Work task: Please restate word for word the lines from the top of the entries through the line that contains "Heart Shaped Salad", and do not include any pictures.

[Source records — start]

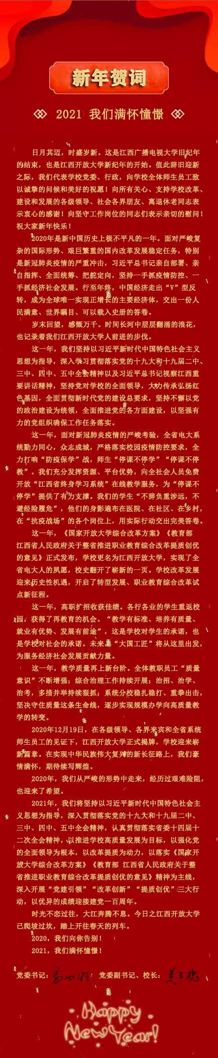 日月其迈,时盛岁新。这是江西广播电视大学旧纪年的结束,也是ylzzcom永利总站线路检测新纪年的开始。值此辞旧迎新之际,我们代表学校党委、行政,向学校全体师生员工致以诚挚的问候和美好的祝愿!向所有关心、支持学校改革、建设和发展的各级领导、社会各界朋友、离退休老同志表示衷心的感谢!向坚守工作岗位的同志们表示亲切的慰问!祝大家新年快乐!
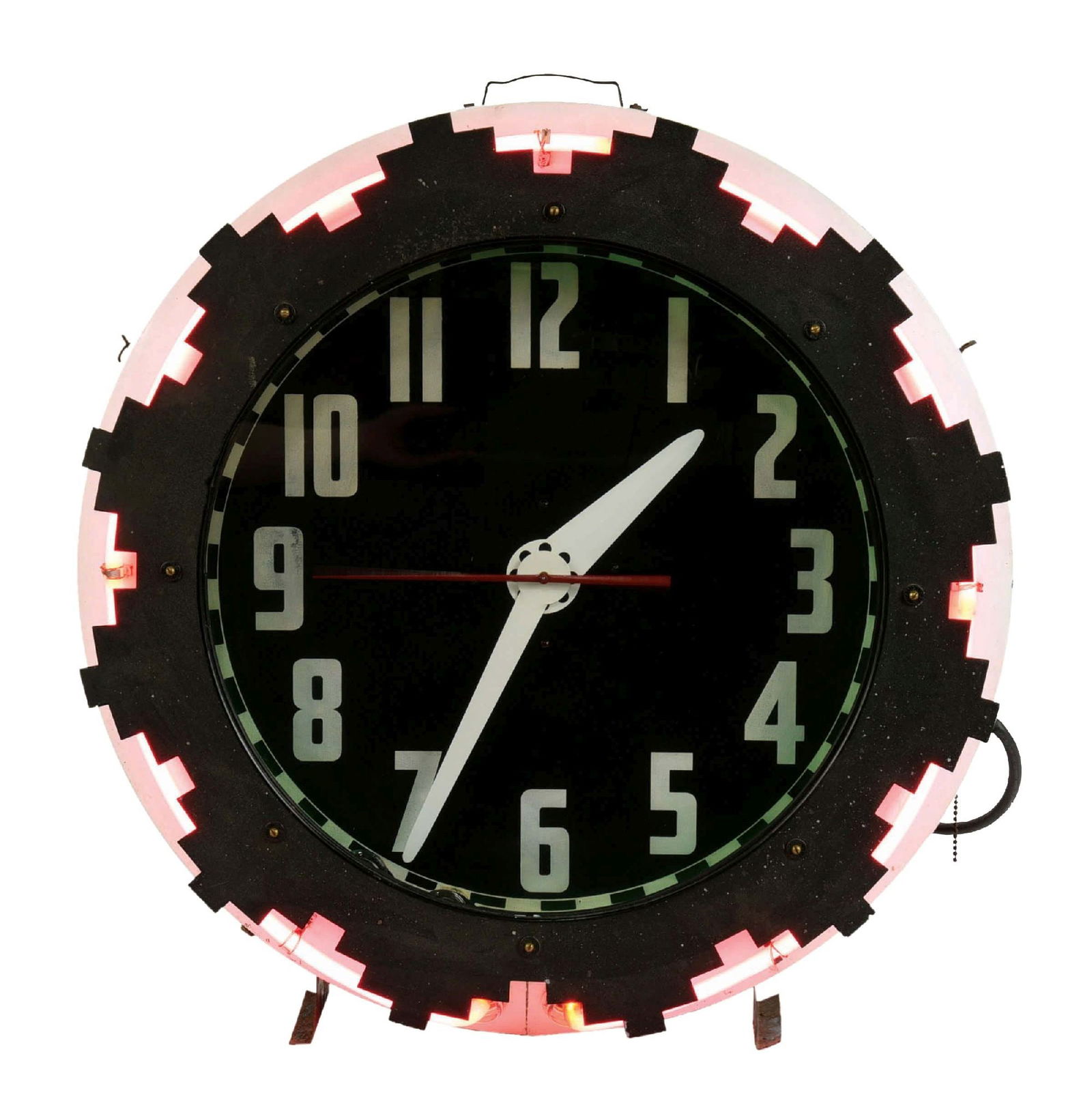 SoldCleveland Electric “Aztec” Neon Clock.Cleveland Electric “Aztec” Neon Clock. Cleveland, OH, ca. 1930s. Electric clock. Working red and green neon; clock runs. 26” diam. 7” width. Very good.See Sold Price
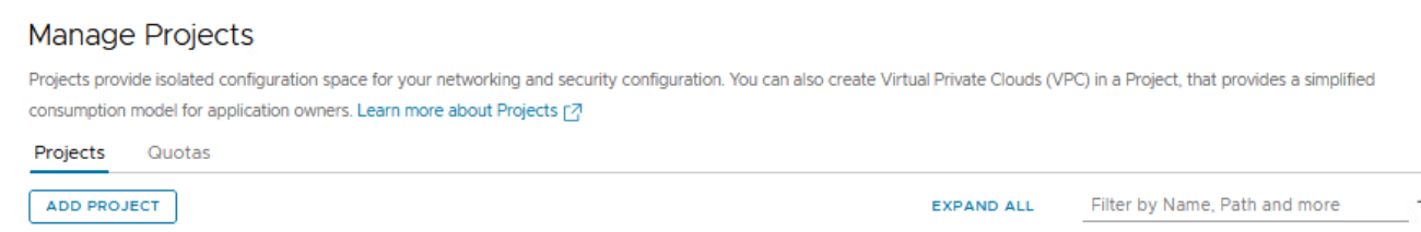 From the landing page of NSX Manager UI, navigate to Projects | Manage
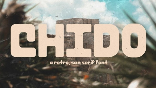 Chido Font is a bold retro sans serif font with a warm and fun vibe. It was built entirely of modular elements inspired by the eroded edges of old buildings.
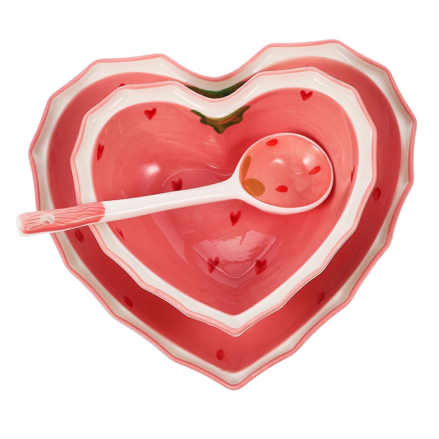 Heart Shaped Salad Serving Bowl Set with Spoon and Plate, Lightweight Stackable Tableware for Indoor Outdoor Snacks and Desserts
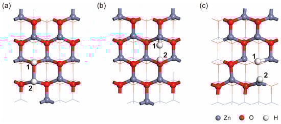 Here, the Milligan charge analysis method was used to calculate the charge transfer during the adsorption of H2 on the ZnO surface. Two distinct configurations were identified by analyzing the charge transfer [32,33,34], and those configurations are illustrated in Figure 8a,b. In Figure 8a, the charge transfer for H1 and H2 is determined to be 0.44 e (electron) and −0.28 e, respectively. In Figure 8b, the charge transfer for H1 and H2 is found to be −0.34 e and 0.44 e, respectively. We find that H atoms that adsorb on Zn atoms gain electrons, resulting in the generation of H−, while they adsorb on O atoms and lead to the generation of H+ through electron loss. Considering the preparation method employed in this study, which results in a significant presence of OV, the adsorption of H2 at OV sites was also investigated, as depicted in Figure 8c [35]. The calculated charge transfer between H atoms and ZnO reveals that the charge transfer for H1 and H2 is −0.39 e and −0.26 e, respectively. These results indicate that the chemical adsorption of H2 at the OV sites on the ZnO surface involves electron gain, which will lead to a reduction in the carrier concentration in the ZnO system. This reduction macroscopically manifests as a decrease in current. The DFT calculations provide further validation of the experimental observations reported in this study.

[Source records — finish]

Written response:
 日月其迈,时盛岁新。这是江西广播电视大学旧纪年的结束,也是ylzzcom永利总站线路检测新纪年的开始。值此辞旧迎新之际,我们代表学校党委、行政,向学校全体师生员工致以诚挚的问候和美好的祝愿!向所有关心、支持学校改革、建设和发展的各级领导、社会各界朋友、离退休老同志表示衷心的感谢!向坚守工作岗位的同志们表示亲切的慰问!祝大家新年快乐!
 SoldCleveland Electric “Aztec” Neon Clock.Cleveland Electric “Aztec” Neon Clock. Cleveland, OH, ca. 1930s. Electric clock. Working red and green neon; clock runs. 26” diam. 7” width. Very good.See Sold Price
 From the landing page of NSX Manager UI, navigate to Projects | Manage
 Chido Font is a bold retro sans serif font with a warm and fun vibe. It was built entirely of modular elements inspired by the eroded edges of old buildings.
 Heart Shaped Salad Serving Bowl Set with Spoon and Plate, Lightweight Stackable Tableware for Indoor Outdoor Snacks and Desserts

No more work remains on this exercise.